*** Information supplied Section Begins ***
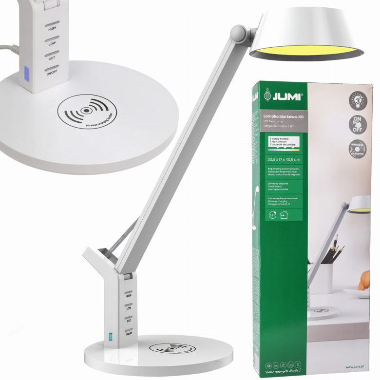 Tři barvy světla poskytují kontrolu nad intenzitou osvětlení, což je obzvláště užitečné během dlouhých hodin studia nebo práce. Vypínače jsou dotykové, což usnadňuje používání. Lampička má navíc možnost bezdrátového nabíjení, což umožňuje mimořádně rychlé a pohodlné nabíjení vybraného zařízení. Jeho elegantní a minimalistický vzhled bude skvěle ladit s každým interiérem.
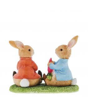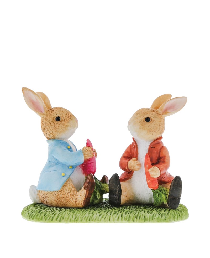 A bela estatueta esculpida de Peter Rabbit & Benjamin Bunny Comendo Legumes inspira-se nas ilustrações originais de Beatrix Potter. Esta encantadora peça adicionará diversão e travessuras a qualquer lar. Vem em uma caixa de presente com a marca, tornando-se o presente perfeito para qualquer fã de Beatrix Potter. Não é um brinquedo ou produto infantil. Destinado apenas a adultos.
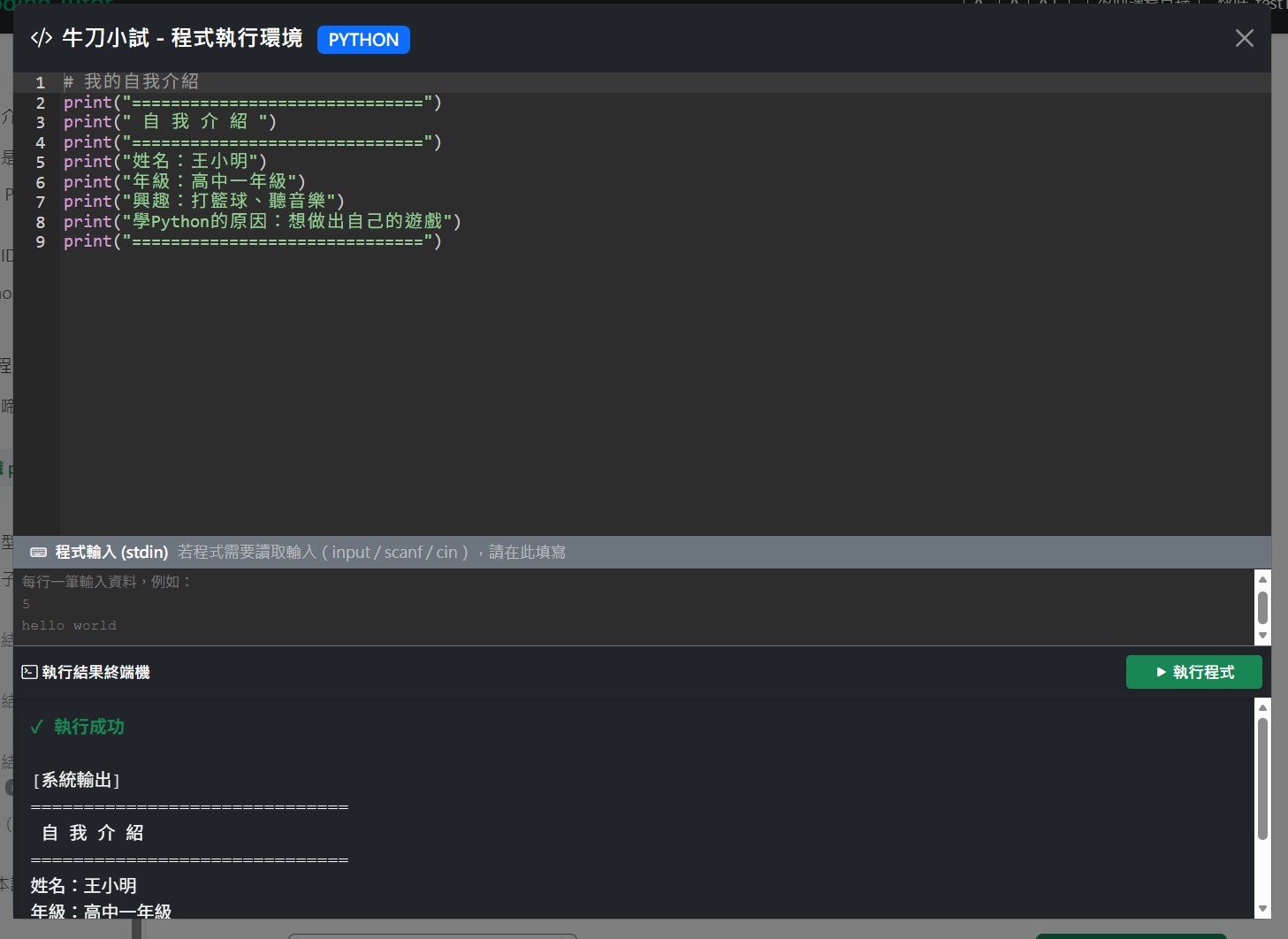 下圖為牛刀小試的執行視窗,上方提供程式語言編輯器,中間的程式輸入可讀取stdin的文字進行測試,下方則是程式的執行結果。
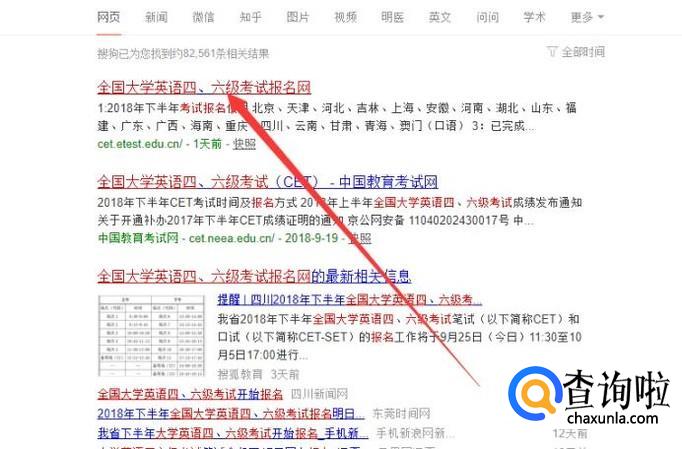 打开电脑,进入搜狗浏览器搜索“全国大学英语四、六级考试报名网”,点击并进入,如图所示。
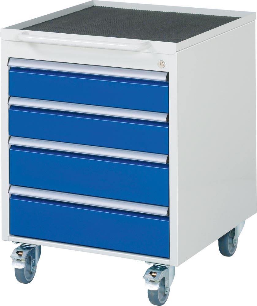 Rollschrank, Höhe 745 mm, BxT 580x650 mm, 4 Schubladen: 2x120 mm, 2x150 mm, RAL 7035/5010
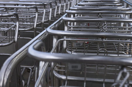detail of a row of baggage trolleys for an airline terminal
*** Information supplied Section Ends ***
*** Information supplied Section Begins ***
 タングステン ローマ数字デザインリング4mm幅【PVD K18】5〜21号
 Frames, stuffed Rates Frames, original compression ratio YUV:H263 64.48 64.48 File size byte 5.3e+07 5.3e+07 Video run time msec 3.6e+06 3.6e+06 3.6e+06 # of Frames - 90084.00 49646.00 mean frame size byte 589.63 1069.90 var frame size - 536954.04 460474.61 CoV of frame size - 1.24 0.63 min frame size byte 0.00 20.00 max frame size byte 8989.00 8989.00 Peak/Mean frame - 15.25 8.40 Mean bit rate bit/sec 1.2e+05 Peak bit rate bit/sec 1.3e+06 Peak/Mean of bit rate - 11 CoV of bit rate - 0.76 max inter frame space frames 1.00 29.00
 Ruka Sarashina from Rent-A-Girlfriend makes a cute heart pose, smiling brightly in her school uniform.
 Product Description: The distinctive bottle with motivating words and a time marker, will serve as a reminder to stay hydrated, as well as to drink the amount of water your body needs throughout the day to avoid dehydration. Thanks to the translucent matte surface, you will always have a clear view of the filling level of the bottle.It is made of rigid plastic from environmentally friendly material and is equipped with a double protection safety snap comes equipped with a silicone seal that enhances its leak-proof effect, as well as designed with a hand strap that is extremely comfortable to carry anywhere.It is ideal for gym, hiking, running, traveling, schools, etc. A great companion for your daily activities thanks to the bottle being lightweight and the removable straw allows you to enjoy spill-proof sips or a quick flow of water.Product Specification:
*** Information supplied Section Ends ***
__Work instructions__
Look above for the line with "A bela estatueta", then give again exactly every line from there through the line with "detail of a", skipping the pictures.

__Exercise result__
 A bela estatueta esculpida de Peter Rabbit & Benjamin Bunny Comendo Legumes inspira-se nas ilustrações originais de Beatrix Potter. Esta encantadora peça adicionará diversão e travessuras a qualquer lar. Vem em uma caixa de presente com a marca, tornando-se o presente perfeito para qualquer fã de Beatrix Potter. Não é um brinquedo ou produto infantil. Destinado apenas a adultos.
 下圖為牛刀小試的執行視窗,上方提供程式語言編輯器,中間的程式輸入可讀取stdin的文字進行測試,下方則是程式的執行結果。
 打开电脑,进入搜狗浏览器搜索“全国大学英语四、六级考试报名网”,点击并进入,如图所示。
 Rollschrank, Höhe 745 mm, BxT 580x650 mm, 4 Schubladen: 2x120 mm, 2x150 mm, RAL 7035/5010
detail of a row of baggage trolleys for an airline terminal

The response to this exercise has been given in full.